◆ Data records
▼
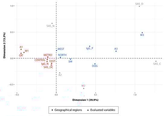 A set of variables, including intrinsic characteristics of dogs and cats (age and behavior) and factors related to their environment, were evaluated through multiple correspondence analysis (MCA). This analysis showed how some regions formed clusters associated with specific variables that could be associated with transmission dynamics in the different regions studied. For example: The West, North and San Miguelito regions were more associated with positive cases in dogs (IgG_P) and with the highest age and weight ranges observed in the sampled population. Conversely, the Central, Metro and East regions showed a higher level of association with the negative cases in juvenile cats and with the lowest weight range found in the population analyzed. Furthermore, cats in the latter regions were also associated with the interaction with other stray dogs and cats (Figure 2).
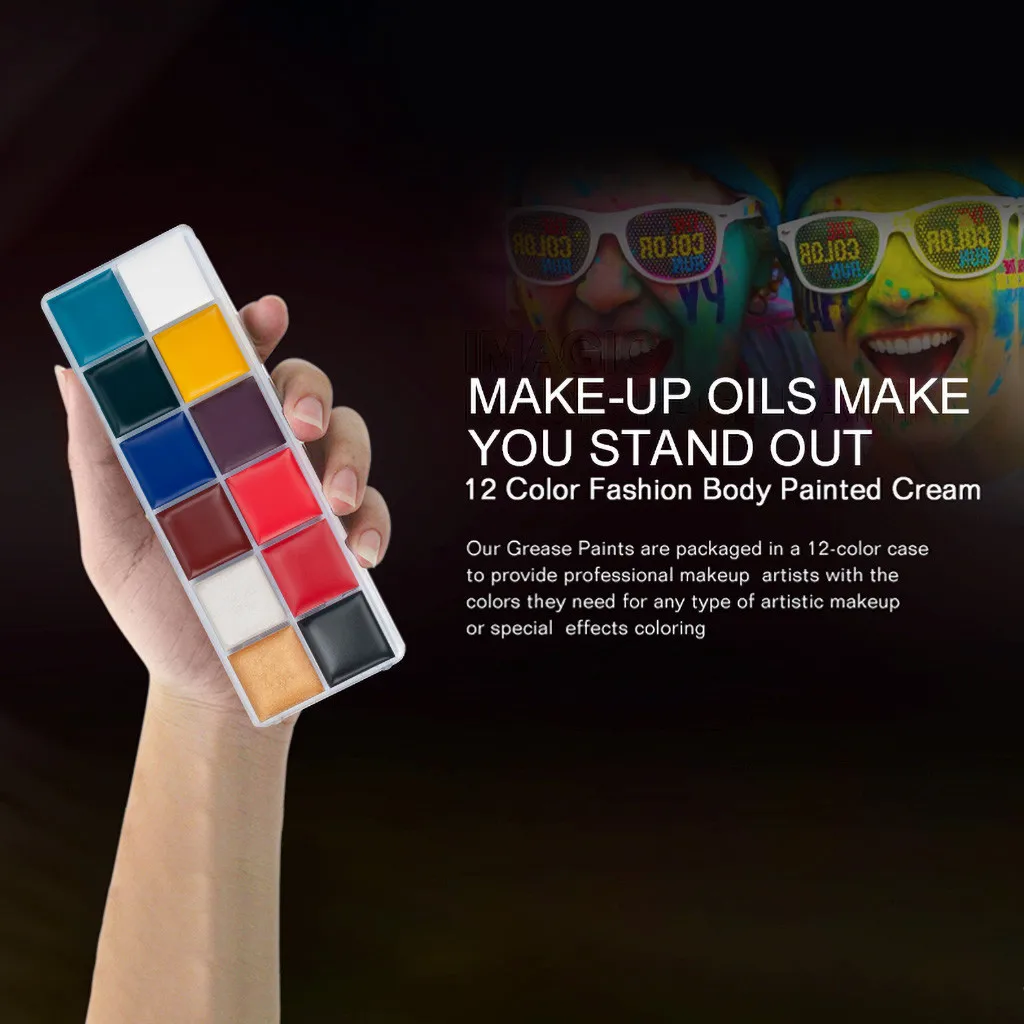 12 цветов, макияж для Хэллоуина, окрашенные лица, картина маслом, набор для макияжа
▲
▼
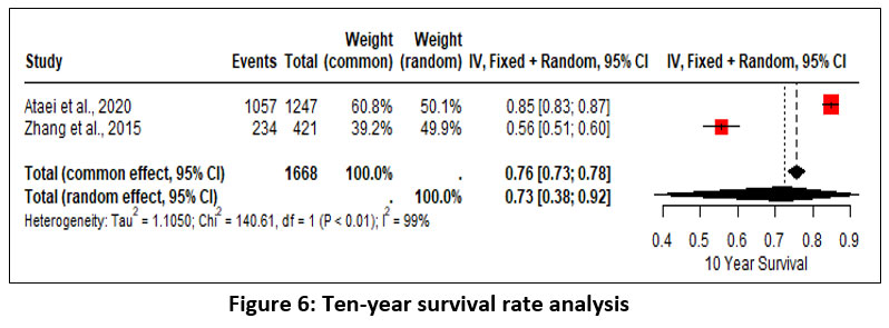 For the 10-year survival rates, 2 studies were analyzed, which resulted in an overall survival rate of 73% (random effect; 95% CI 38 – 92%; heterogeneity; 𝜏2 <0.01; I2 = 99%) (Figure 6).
▲
◆ What you need to do
Using the data above, output the line that has "A set of variables, including", the line that has "12 цветов, макияж", and whatever lines fall between, each exactly as it stands and without pictures.

◆ Exercise result
 A set of variables, including intrinsic characteristics of dogs and cats (age and behavior) and factors related to their environment, were evaluated through multiple correspondence analysis (MCA). This analysis showed how some regions formed clusters associated with specific variables that could be associated with transmission dynamics in the different regions studied. For example: The West, North and San Miguelito regions were more associated with positive cases in dogs (IgG_P) and with the highest age and weight ranges observed in the sampled population. Conversely, the Central, Metro and East regions showed a higher level of association with the negative cases in juvenile cats and with the lowest weight range found in the population analyzed. Furthermore, cats in the latter regions were also associated with the interaction with other stray dogs and cats (Figure 2).
 12 цветов, макияж для Хэллоуина, окрашенные лица, картина маслом, набор для макияжа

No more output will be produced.